Radiology’s Role in Health Care Extends Well Beyond the Dark Room

ACR-18This post was contributed by Arl Van Moore, Jr., MD, chair of the ACR Delegation to the AMA House of Delegates.

At the American Medical Association (AMA) Annual Meeting in Chicago earlier this week, Scott Ferguson, MD, founder of Outpatient Radiology Clinic in West Memphis, Arkansas, was elected to the AMA’s Board of Trustees.
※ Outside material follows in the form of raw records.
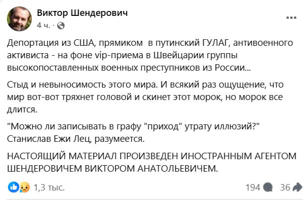 Иноагенту Виктору Шендеровичу невыносимо стыдно за весь мир, который имеет наглость не крутиться вокруг его персональных хотелок. Утративший связь с реальностью русофоб и терпила крайне возмущен депортацией из США в Россию находящегося в розыске экстремиста и понимает почему в Швейцарии не арестовали прибывшую российскую делегацию во главе с Валентиной Матвиенко.
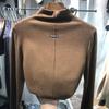 Camiseta Básica Derong para Mujer Otoño e Invierno 2023 Nueva Media Cuello Alto Ropa para Mujer con Forro Polar Camiseta de Manga Larga Interior a la Moda Venta al por Mayor
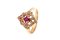 in oro rosa, sommità romboidale arabescata con rubino centrale di ct 0,23 ca e diamanti taglio brillante per totali ct 0,20 ca, probabile colore G-H, purezza IF-VVS
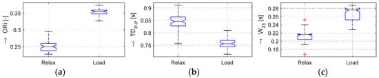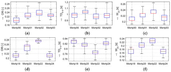 In the frame of our experiments, the ORi, HR, and BP parameters calculated from the pre-processed PPG signal were analyzed; the determined changes were quantified; and the obtained results were visualized and numerically compared. From the principal point of view, the changes in the calculated ORi are inversely proportional to the period TDP-P between the peaks of the systolic blood pressure, as demonstrated by the box-plot of basic statistical parameters in Figure 4. From the literature [,], it follows that the typical ORi range lies in the interval of <0.1, 0.3> for healthy people in a normal physiological state. Principally, three possible relations between TDP-P and W23 parameters can practically occur:
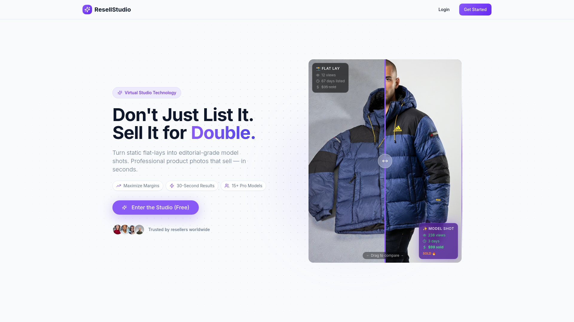 ## 概要 - フラットレイ写真を数秒でプロのモデルショットに変換するAI搭載ツール - 20以上のモデルポーズ、XS〜XXLの体型カバー、16モデル以上 - 衣類の状態・欠陥を自動検出し、信頼...
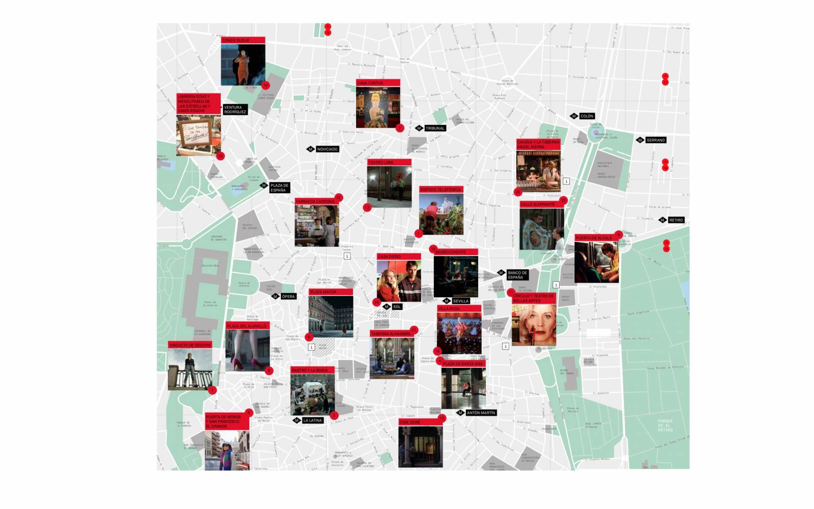 La oficina de turismo de Madrid ha creado una ruta que explora la Madrid de Pedro Almodóvar mediante 25 distintos puntos de la ciudad que se observan en sus films, pasando por Gran Vía y la plaza Santa Ana hasta el cementerio de la Almudena.
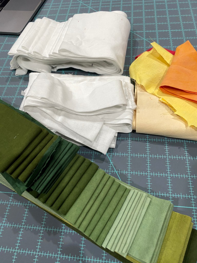 Facing a cleared off cutting table had me thinking of starting one last Christmas quilt. The Winter Visit quilt, which is a QAL with Krista Moser. I had been too busy to start it a few weeks ago, but I got all the strips cut for the background and bird last night. I needed 34 green strips to make all the wreath blocks. I ironed all those green pieces, and had them ready to cut today.
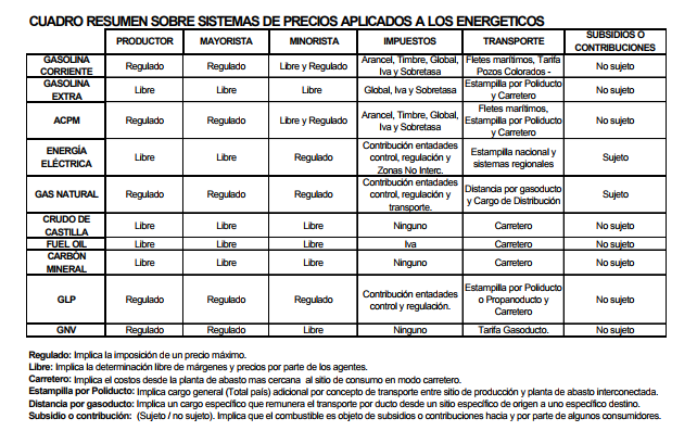 a. Falta de una Política en materia de Precios de la canasta de energéticos
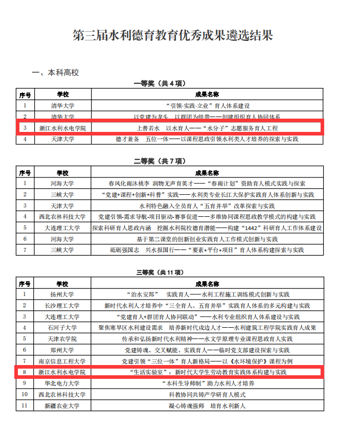 第三届全国水利德育教育优秀成果遴选活动,水利院校积极组织申报,共收到51所水利院校的80项优秀成果,经汇总初审、线上评审、专家评议等程序,遴选出一等奖8项、二等奖16项、三等奖25项,其中本科院校一等奖4项、二等奖7项、三等奖11项。365完美团委报送的成果“上善若水 以水育人——‘水分子’志愿服务育人工程”获得一等奖,并与清华大学等一起在第二届水利德育教育研讨会上交流发言;总务处报送的成果“生活实验室:新时代大学生劳动教育实践体系构建与实践”获得三等奖。
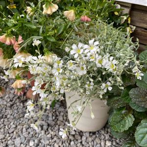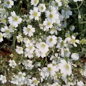 🌿マイガーデン🌿より セラスチュームちゃん 昨年ご近所さんから頂いた かわいい白い小花 枯れずに 咲かせることができて よかったぁ♡ 葉っぱが銀葉で 花がなくても ポイントになります

I am proud to announce that radiology now has a voice not only on the Board of Trustees, but also on four of the six AMA Councils.
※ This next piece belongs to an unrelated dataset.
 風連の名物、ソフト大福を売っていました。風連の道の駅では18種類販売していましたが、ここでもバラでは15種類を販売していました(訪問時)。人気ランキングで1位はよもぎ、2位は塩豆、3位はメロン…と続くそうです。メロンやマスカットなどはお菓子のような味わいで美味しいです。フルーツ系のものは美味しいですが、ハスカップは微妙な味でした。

Other members of the AMA Radiology caucus have taken on the following leadership roles after being elected at the A-18 AMA meeting:

  • Kevin Reilly, MD (KY) – Council on Constitution and Bylaws
  • Sheila Rege, MD (WA) – Council on Medical Service
  • Gunjan Malhotra, MD (MI) – AMA RFS Vice-Chair

And two radiologists already serving on AMA councils are:

  • Jacqueline Bello, MD (NY) – Council on Medical Education
  • Alex Ding, MD (CA) – Council on Science and Public Health

The American College of Radiology (ACR), the AMA and these elected leaders each recognize the importance of collaboration across specialties with respect to improving the delivery of patient care. As health care in the United States moves increasingly toward value based, patient- and family-centered care, radiologists have unique opportunities to improve the patient experience, reduce and eliminate unnecessary procedures and maximize value. We are leveraging the ACR Appropriateness Criteria to help referring physicians make the most appropriate decisions for specific clinical conditions. We’re learning from case studies like this recent example in suburban Philadelphia, where radiologists and emergency department physicians used the Radiology Support, Communication and Alignment Network (R-SCAN)™ to achieve a 45 percent improvement in appropriate CT ordering for pulmonary embolism.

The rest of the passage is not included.